# B Tree Bulk Load Sort

# B Tree Bulk Load Sort

B tree bulk load sort constructs a B-tree from a dataset by first sorting the data and then building the tree in a single pass. The sorting phase produces ordered records, and the bulk loading phase organizes them into tree nodes efficiently.

This method avoids inserting records one by one into a B-tree, which would cause many random I/O operations.

## Problem

Given a large dataset, build a B-tree index in sorted order with minimal external-memory cost.

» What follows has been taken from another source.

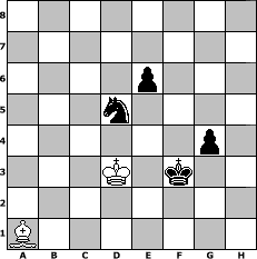 game notation in PGN-format [Event "Chess960 Open II 2014"] [Site "www.myChess.de"] [Date "2014.04.14"] [Round "1"] [White "Erich"] [Black "Cuibono"] [Variant "Fischerrandom"] [SetUp "1"] [FEN "qrnbnkbr/pppppppp/8/8/8/8/PPPPPPPP/QRNBNKBR w KQkq - 0 1"] [WhitemyELO "2049"] [BlackmyELO "1941"] [Result "0-1"] [TimeControl "10/3456000"] [WhiteDays "40"] [BlackDays "40"] [MyChessNo "93927"] 1. e4 h6 2. f3 e6 3. Be3 Bh7 4. d4 Nf6 5. Ned3 d5 6. e5 Nd7 7. O-O O-O 8. Ne2 Ne7 9. Ng3 a5 10. f4 Qa7 11. Be2 c6 12. a3 a4 13. Rfd1 Bb6 14. b4 axb3 15. Rxb3 Bc7 16. Bf2 b5 17. a4 Ra8 18. Ra3 Nb6 19. a5 Nc4 20. Ra2 Nxa5 21. Qc3 Bb6 22. Rda1 Rfb8 23. Qb4 Qc7 24. Qd6 Rb7 25. Nc5 Nc8 26. Qxc7 Rxc7 27. Be1 Rca7 28. Bb4 Nc4 29. Rxa7 Rxa7 30. Rxa7 Bxa7 31. c3 Bxc5 32. Bxc5 N8b6 33. Bxc4 Nxc4 34. Ne2 Bb1 35. Nc1 Kh7 36. Nb3 Kg6 37. Bf8 h5 38. Kf2 Be4 39. g3 Kf5 40. h3 Nb2 41. Na5 Nd1+ 42. Ke1 Nxc3 43. Kd2 Na4 44. Nxc6 Bg2 45. g4+ hxg4 46. hxg4+ Kxg4 47. Ke3 g6 48. Nd8 Be4 49. Nxf7 Nb2 50. Nd6 b4 51. Nxe4 dxe4 52. Kxe4 b3 53. Bh6 Nc4 54. Kd3 Ne3 55. Kc3 Nf5 56. Bg5 Nxd4 57. Kb2 Kf5 58. Bh6 Ne2 59. Kxb3 Nxf4 60. Kc3 Kxe5 61. Kd2 Ke4 62. Bg5 Kf3 63. Bf6 Nd5 64. Ba1 g5 65. Kd3 g4 0-1 position notation in FEN-format 8/8/4p3/3n4/6p1/3K1k2/8/B7 - - - 0 66 Captured white pieces: Captured black pieces: Click on a captured piece in order to display the desired move!

The input may not fit in memory, so both sorting and tree construction must use sequential I/O.

## Core Idea

Sort the data first, then construct the B-tree level by level:

* fill leaf nodes sequentially with sorted records
* build upper levels by grouping child nodes
* continue until the root is formed

Because the input is already sorted, nodes can be filled without backtracking or rebalancing.

## Algorithm

```text id="z8v6lm"
b_tree_bulk_load(records, node_capacity):
    sorted_records = external_sort(records)

    leaves = []
    current_leaf = empty node

    for record in sorted_records:
        append record to current_leaf

        if current_leaf is full:
            write current_leaf to disk
            leaves.append(current_leaf)
            current_leaf = empty node

    if current_leaf not empty:
        write it and append to leaves

    return build_upper_levels(leaves, node_capacity)
```

Building upper levels:

```text id="u7p4tk"
build_upper_levels(nodes, node_capacity):
    while length(nodes) > 1:
        parents = []
        current = empty node

        for node in nodes:
            append pointer to node into current

            if current is full:
                write current
                parents.append(current)
                current = empty node

        if current not empty:
            write current
            parents.append(current)

        nodes = parents

    return nodes[0]   # root
```

## Example

Suppose:

* leaf capacity = 3
* input (after sorting):

$$
[7, 12, 18, 30, 42, 55, 71, 90]
$$

### Step 1: Build Leaves

| leaf | records    |
| ---- | ---------- |
| L0   | 7, 12, 18  |
| L1   | 30, 42, 55 |
| L2   | 71, 90     |

### Step 2: Build Parent

| node | children   |
| ---- | ---------- |
| P0   | L0, L1, L2 |

This becomes the root.

## Correctness

The sorted input ensures that keys in each leaf node are ordered. Leaf nodes are written in sequence, so all keys in a leaf are less than or equal to all keys in the next leaf.

Each internal node stores pointers to child nodes in sorted order. The tree structure maintains the B-tree property that all keys in a subtree lie within a specific range.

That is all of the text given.